TASK DESCRIPTION
Which lines run from the one containing "图为博士们参观美的集团股份有" through the end of the data? Write them out exactly, with the pictures left out.

AVAILABLE DATA
·····

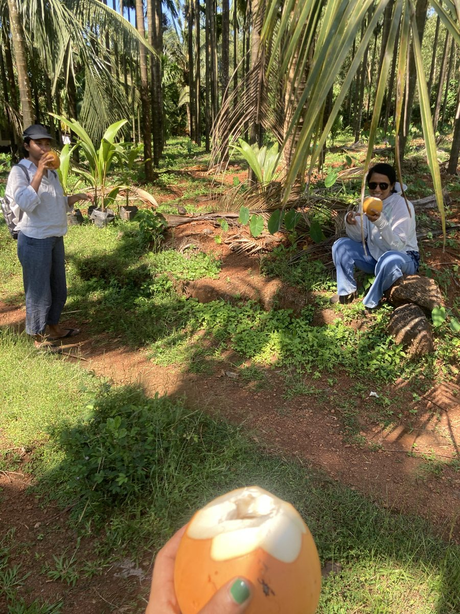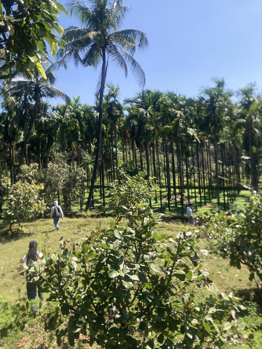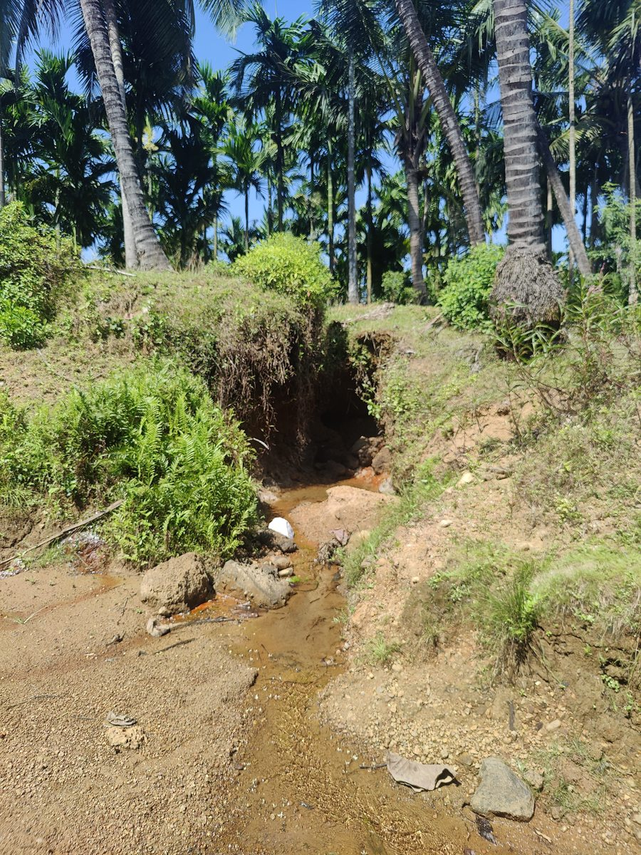 We parked next to Rajesh’s sister’s house with a compound wall along a path going through arecanut farms, owned by Rajesh. He took us towards the opposite side to show the work-in-progress of a public pond.
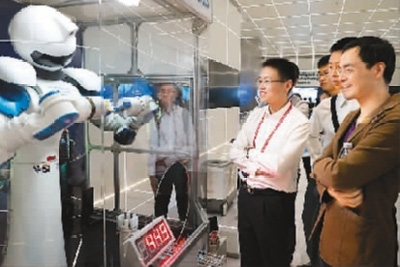 图为博士们参观美的集团股份有限公司全球创新中心展厅,一款会转魔方的机器人让他们久久驻足。
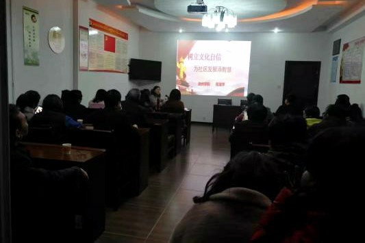 3月11日,文学与传媒学院党员教师、教工第二支部组织委员程淑萍为汇景社区2019年春训班的党员同志做题为《树立文化自信,为社区发展添智慧》的党课交流报告。

·····

SOLUTION
 图为博士们参观美的集团股份有限公司全球创新中心展厅,一款会转魔方的机器人让他们久久驻足。
 3月11日,文学与传媒学院党员教师、教工第二支部组织委员程淑萍为汇景社区2019年春训班的党员同志做题为《树立文化自信,为社区发展添智慧》的党课交流报告。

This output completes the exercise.